STORE_MODEL_IN_DB (via environment_variables)"True"HighRequired for database-backed model and key management via the Admin UI. Setting to "False" disables the Admin UI model management and reverts to YAML-file-only configuration.
enable_cloudsql_volumetrueCriticalThe Cloud SQL Auth Proxy sidecar is required for PostgreSQL connectivity in the GKE pod. Disabling it causes Prisma to fail connecting to the database at startup.
database_type"POSTGRES"CriticalLiteLLM requires PostgreSQL for virtual key management and spend tracking. Without it, the STORE_MODEL_IN_DB features are unavailable and key management is disabled.
enable_redisfalseHighWithout Redis, rate-limit counters are per-pod and not shared across replicas. For accurate rate limiting and response caching in a multi-replica GKE deployment, Redis is essential.
redis_host""HighMust be set when enable_redis = true. An empty redis_host with Redis enabled causes LiteLLM to log cache connection errors on every request.
quota_memory_requests / quota_memory_limitsBinary unit defaultsCriticalMust include binary unit suffixes (Gi, Mi). Bare integer values are treated as bytes by Kubernetes and block all pod scheduling.
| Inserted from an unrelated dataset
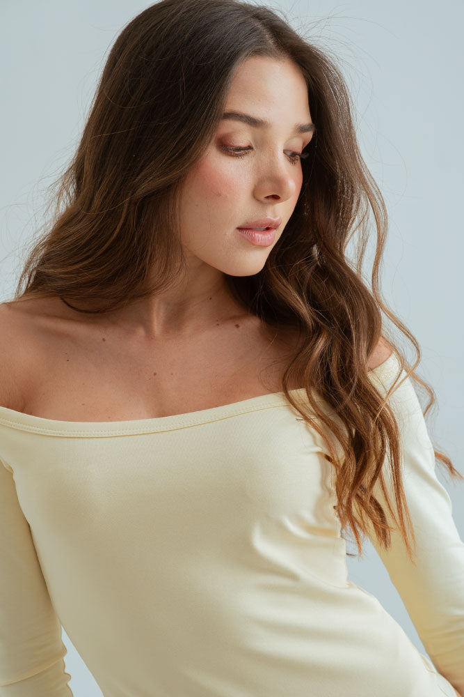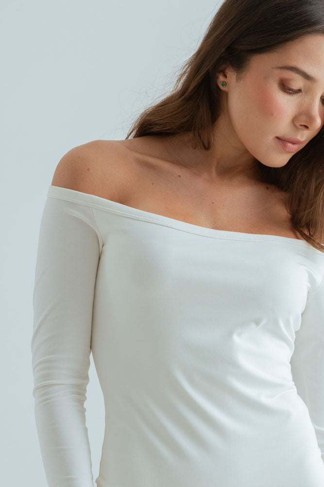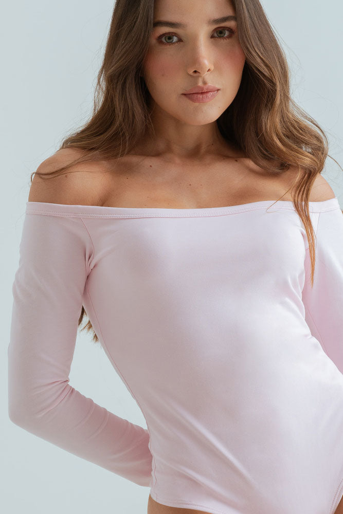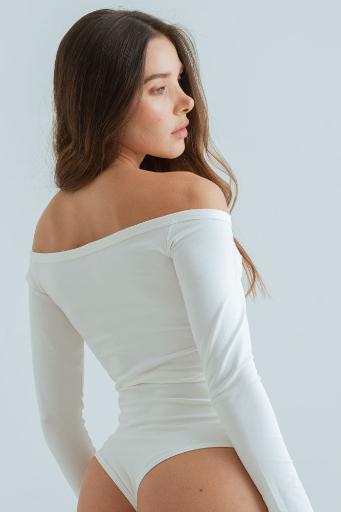 Body en tejido de punto fondo entero, escote barco, manga larga, broches de ajuste en la parte inferior de la tanga, silueta ajustada.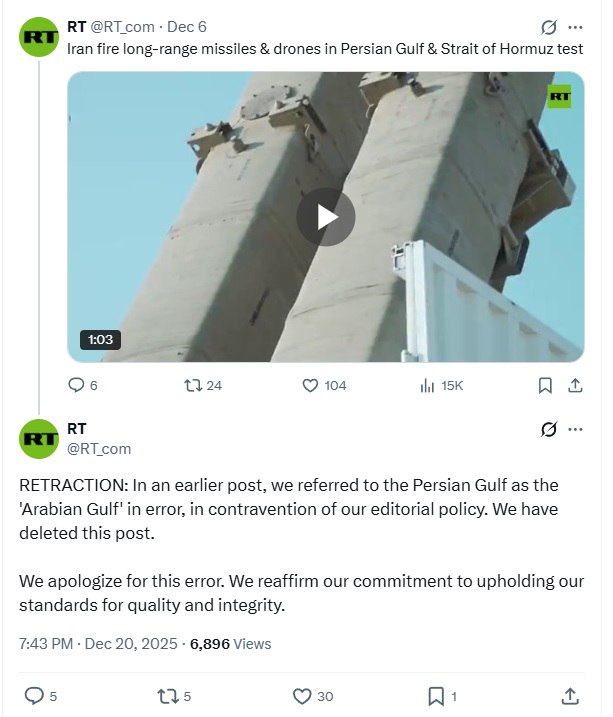 اقتصاد ایران: شبکه راشاتودی که در مطلب چند روز قبل خود از عبارت جعلی به جای «خلیج فارس» استفاده کرده بود، عذرخواهی و مطلب خود را اصلاح کرد.

stateful_pvc_enabledfalseMediumGCS Fuse is the default persistence backend for any config files. Enabling PVC storage for LiteLLM config prevents pod migration across nodes and complicates rolling updates.
workload_typenull (auto-select)MediumSetting stateful_pvc_enabled = true alongside workload_type = "Deployment" fails at plan time. Let auto-selection handle this.
min_instance_count1HighLiteLLM is a shared API gateway. Cold starts (30–60 s on GKE Autopilot node provision) cause queuing in all dependent services. Keep at least 1 replica running at all times.
timeout_seconds600HighLarge language model inference can take several minutes. Proxy requests are terminated by the load balancer if the backend pod takes longer than timeout_seconds to respond.
service_type (Kubernetes)"ClusterIP"CriticalExposing with LoadBalancer makes the LiteLLM master key and all virtual keys accessible over the public internet. Always use ClusterIP with an authenticated ingress or Gateway in front.
iap_oauth_client_id / iap_oauth_client_secret""CriticalRequired when enable_iap = true. Missing values prevent the IAP gateway from initialising and make the service unreachable.
NUM_WORKERS (via environment_variables)"1"MediumA single worker serialises all requests. Increase to 24 for high-throughput deployments and scale cpu_limit proportionally.
backup_schedule"" (disabled)HighThe PostgreSQL database holds all virtual keys and spend data. Without automated backups, accidental deletion or corruption causes permanent loss of key assignments and usage history.
enable_vertical_pod_autoscalingfalseMediumEnabling VPA disables HPA (conflict). On GKE Autopilot, VPA is the recommended approach for right-sizing pods. Choose one or the other.
application_version"main-stable"MediumLiteLLM releases frequently and may change the Prisma schema or break virtual key formats. Pin to a specific release for production stability.